SECURITIES AND EXCHANGE COMMISSION

WASHINGTON, DC 20549

 

CURRENT REPORT

 

FORM 8-K

 

Pursuant to Section 13 or 15(d) of the Securities Exchange Act

 

Date of Report (Date of Earliest Event Reported): September 3, 2014

 

Hanger, Inc.

(Exact name of registrant as specified in its charter)

 

Delaware

 

1-10670

 

84-0904275

State or other jurisdiction
of incorporation)

 

(Commission File Number)

 

(IRS Employer
Identification No.)

 

10910 Domain Drive, Suite 300

Austin, Texas 78758

(Address of principal executive offices (zip code))

 

(512) 777-3800

(Registrant’s telephone number, including area code)

 

Check the appropriate box below if the Form 8-K filing is intended to simultaneously satisfy the filing obligation of the registrant under any of the following provisions (see General Instruction A.2 below):

 

o Written communications pursuant to Rule 425 under the Securities Act (17 CFR 230.425)

 

o Soliciting material pursuant to Rule 14a-12 under the Exchange Act (17 CFR 240.14a - 12)

 

o Pre-commencement communications pursuant to Rule 14d-2(b) under the Exchange Act (17 CFR 240.14d-2(b))

 

o Pre-commencement communications pursuant to Rule 13e-4(c) under the Exchange Act (17 CFR 240.13d-4(c))

 

 

 



 

Item 5.02                                           Departure of Directors or Certain Officers; Election of Directors; Appointment of Certain Officers; Compensatory Arrangements of Certain Officers.

 

Effective September 8, 2014, Melissa A. Debes, currently Corporate Controller of Hanger, Inc. (the “Company”), has been appointed Vice President and Chief Accounting Officer of the Company.  Ms. Debes will also serve as the principal accounting officer of the Company for financial reporting purposes with the Securities and Exchange Commission.

 

Ms. Debes, who is 53, joined the Company in March 2014 as Corporate Controller.

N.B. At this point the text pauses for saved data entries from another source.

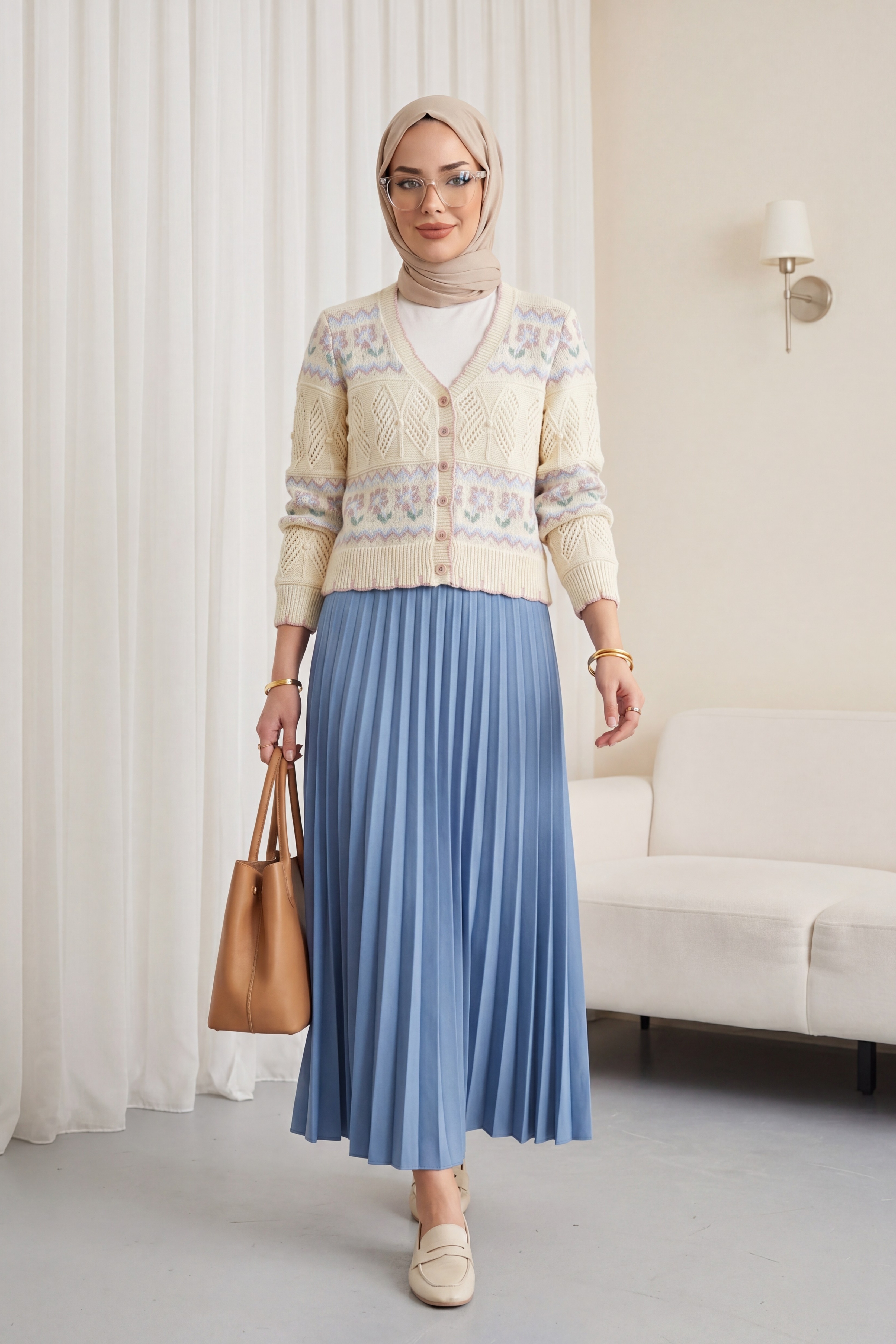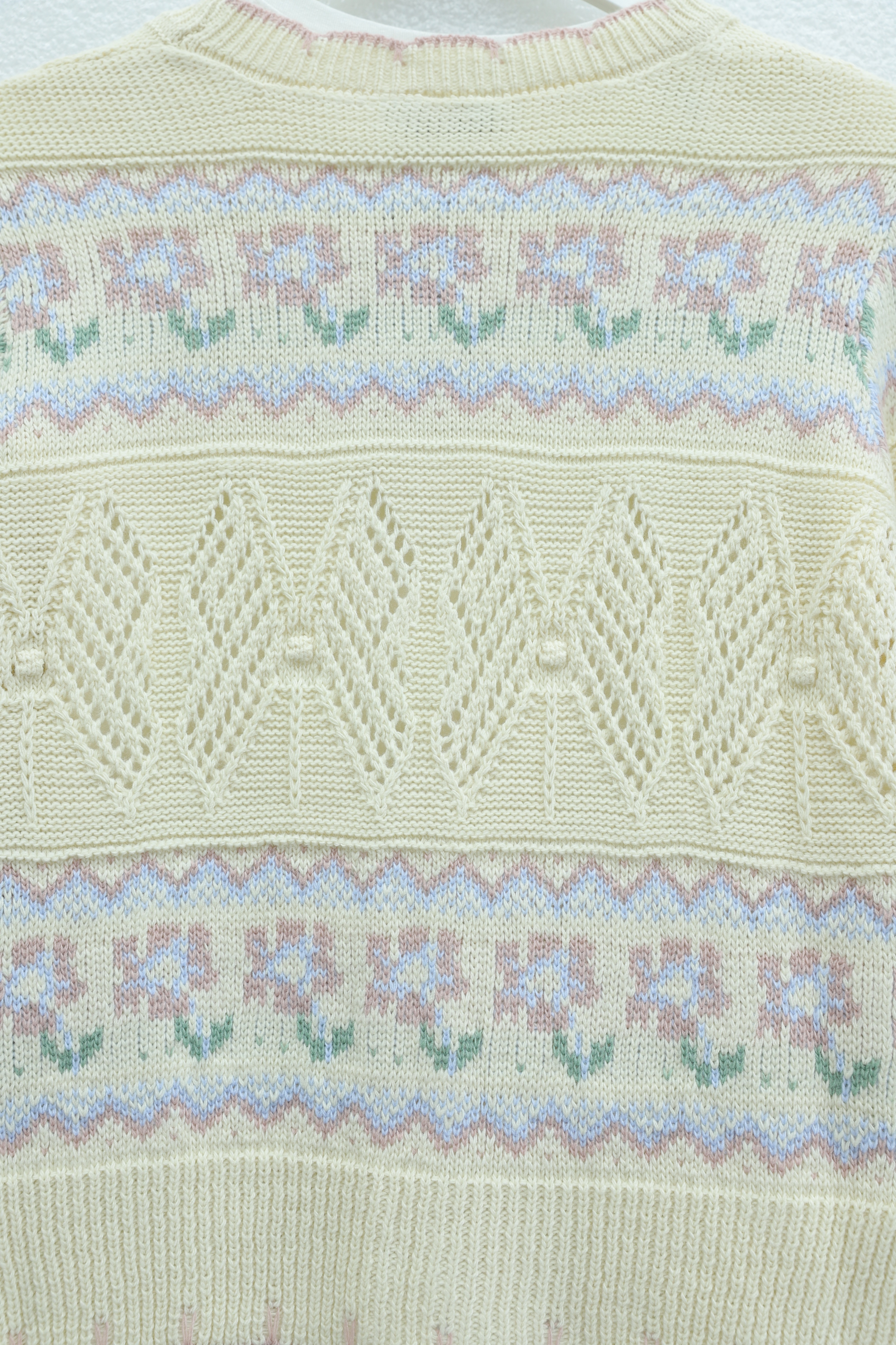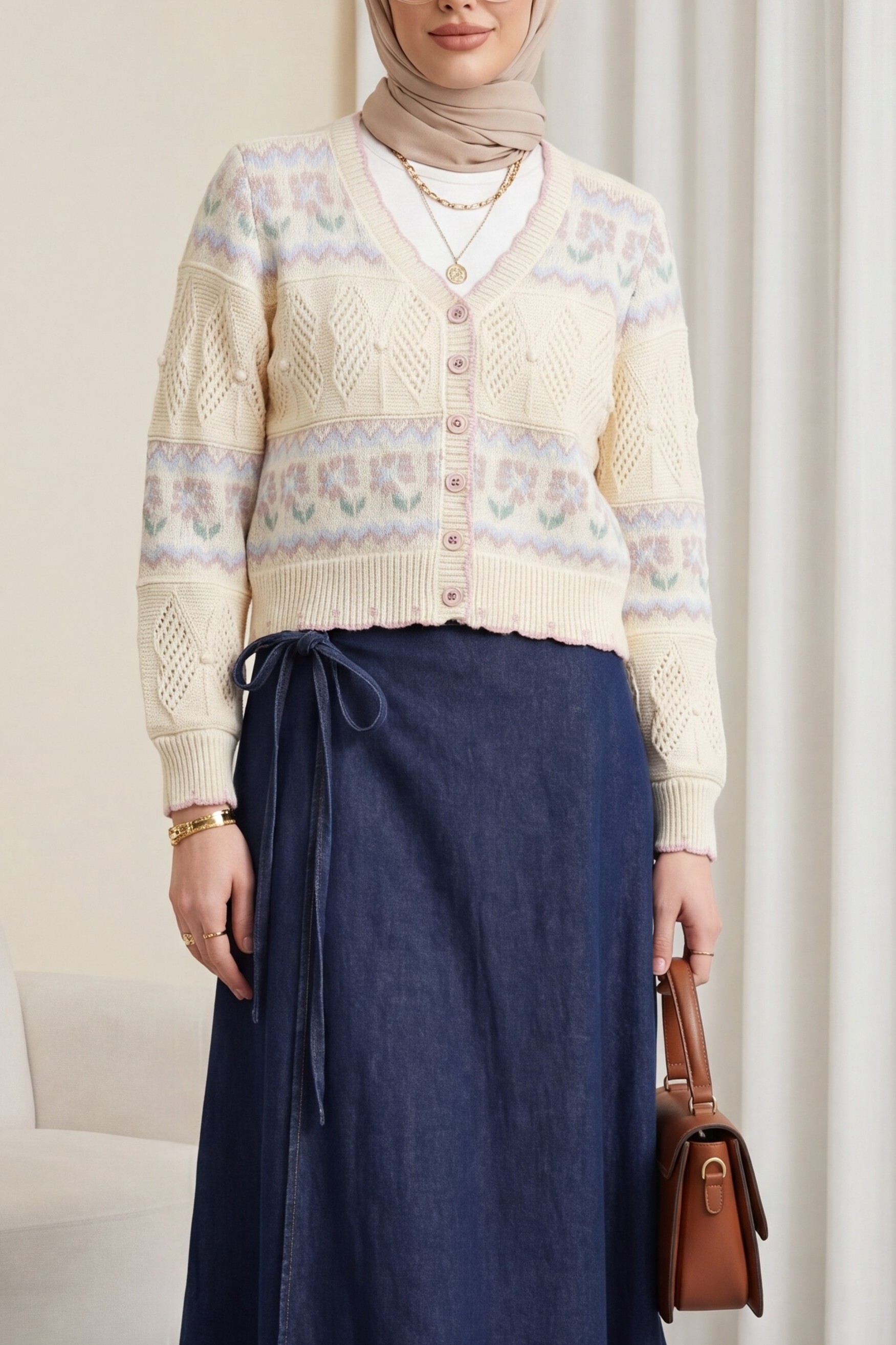 Kelebek Desenli Renkli Düğmeli Ajurlu Triko Hırka -Krem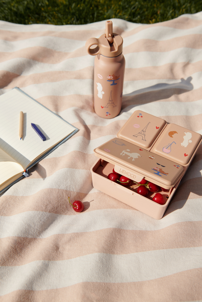 Un compagno divertente e funzionale per i pasti dei bambini in movimento. Il portapranzo Driss di Liewood è parzialmente realizzato in PET riciclato ed è dotato di tre scomparti intelligenti, che consentono di organizzare e versare i pasti. Ogni sezione può essere aperta separatamente, facilitando la presa di un piccolo spuntino durante il giorno.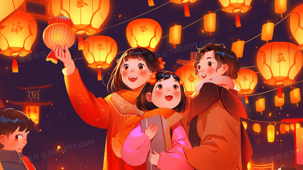 本作品内容为古镇春节在集市快乐赏花灯猜灯谜的人们插画, 格式为 jpg, 大小3 MB, 图片尺寸为2912 x 1632, 源文件无水印, 欢迎使用熊猫办公。 如认为平台内容涉嫌侵权,可通过邮件:tousu@tukuppt.com提出书面通知,我们将及时处理。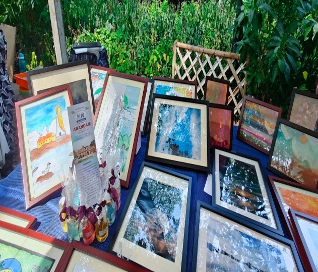 Students from Anandam Special School displayed an inspiring collection of paintings at Oviya Sangamam 2025, created by children with autism spectrum disorder and specific learning disabilities. Each piece reflected their imagination, artistic skills, and unique way of seeing the world.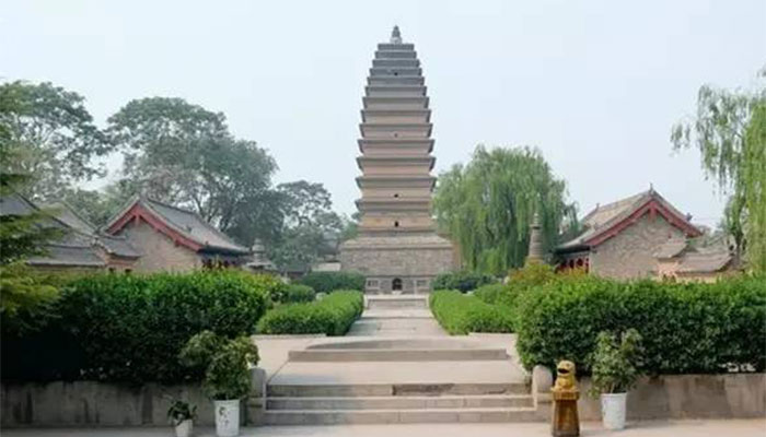 三圣塔在河南焦作沁阳市。三圣塔塔总高32.76米,分为基座、塔身、刹顶三部分,于金大定11年建造,有砖塔怀抱木楼阁、结构独特、塔内石刻资料丰富三绝,是全国重点文物保护单位。

Between January 2013 and August 2013, she served as Chief Financial Officer for InReach, Inc., a software company specializing in online educational software for professional continuing education and training.  Between June 2012 and November 2012, she served as Interim Chief Accounting Officer at Valerus Oil & Gas Services, a worldwide provider of oil and gas equipment, operations and services. Between July 2011 and October 2011, Ms. Debes served as Chief Accounting Officer at ENER1, Inc., a business specializing in developing energy storage technology.  From 2001 through March 2010, Ms. Debes served as Corporate Vice President of Finance in Planning & Analysis, Product Group and Technology Finance and in various other roles of increasing responsibility at Advanced Micro Devices, a global technology company dedicated to computing and graphic products. Prior to her time at Advanced Micro Devices, Ms. Debes spent 15 years leading finance in various positions at Motorola.

 

Ms. Debes holds a Bachelor of Science degree in Finance from Arizona State University and a Master of Business Administration from the Thunderbird School of Global Management.  Ms. Debes brings more than 30 years’ experience in financial management, driving profitability, cost reduction and improving financial performance.  Her extensive background includes GAAP technical roles with public companies as well as finance positions involving forecasting, analysis and strategic planning.

 

There is no arrangement or understanding between Ms. Debes and any other person pursuant to which Ms. Debes was appointed as an officer of the Company, and there are no transactions in which Ms. Debes has an interest requiring disclosure under Item 404(a) of Regulation S-K.  No director or executive officer of the Company has any family relationship with Ms. Debes.

 

In connection with Ms. Debes’ appointment as Vice President and Chief Accounting Officer of the Company, Ms. Debes entered into an employment and non-competition agreement with the Company and Hanger Prosthetics & Orthotics, Inc. (dba Hanger Clinic), dated as of August 25, 2014 (the “Agreement”), which provides for a commencement date of September 8, 2014 and the continued employment of Ms. Debes unless the Agreement is terminated by either party pursuant to the terms therein.  The Agreement provides that Ms. Debes will receive a base salary of $300,000 and is eligible to receive an annual bonus compensation with a target amount equal to forty percent (40%) of Ms. Debes’ base salary.  The Agreement provides that Ms. Debes will receive a special, one-time grant equal of 5,000 restricted shares of the Company’s stock within thirty days of the date of the Agreement.

 

The Agreement entitles Ms. Debes to certain perquisites that have been offered to her to complete her overall annual compensation package, including a monthly automobile allowance. The Agreement also contains severance, termination and non-compete and non-solicitation provisions that are consistent with the terms provided to other similarly situated Company officers.

 

The foregoing description of the Agreement is qualified in its entirety by reference to the full text of the Agreement, which is attached to this Current Report on Form 8-K as Exhibit 10.1 and incorporated herein by reference.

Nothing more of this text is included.